I keep this in a separate repo (which doesn’t have auto-merging enabled), so nobody can maliciously modify the workflow rules and get their own code merged. I’m not entirely sure what safety checks are in place to prevent workflows modifying themselves, and having an extra layer of separation makes me feel more comfortable.

Putting it to use

If you want to use this code, you’ll need to modify the code for your own rules. Please don’t give me magic merge rights to your GitHub repos!

With this basic skeleton, there are lots of ways you could extend it. You could post comments on failing pull requests explaining how to diagnose a failure. You could request reviews if you get a pull request from an external contributor, and post a comment thanking them for their work.
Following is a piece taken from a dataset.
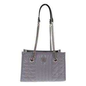 Gucci GG Marmont Silver Medium Chain Shoulder Tote Bag Gray Leather

You could measure how long it took to run the check, to see if it’s slowed down your build times. And so on.

GitHub Actions feels like it could be really flexible and powerful, and I’m glad to have created something useful with it. I’ve had this code running in the repo for this blog for nearly a month, and it’s working fine – saving me a bit of work every time. It’ll even merge the pull request where I’ve written this blog post.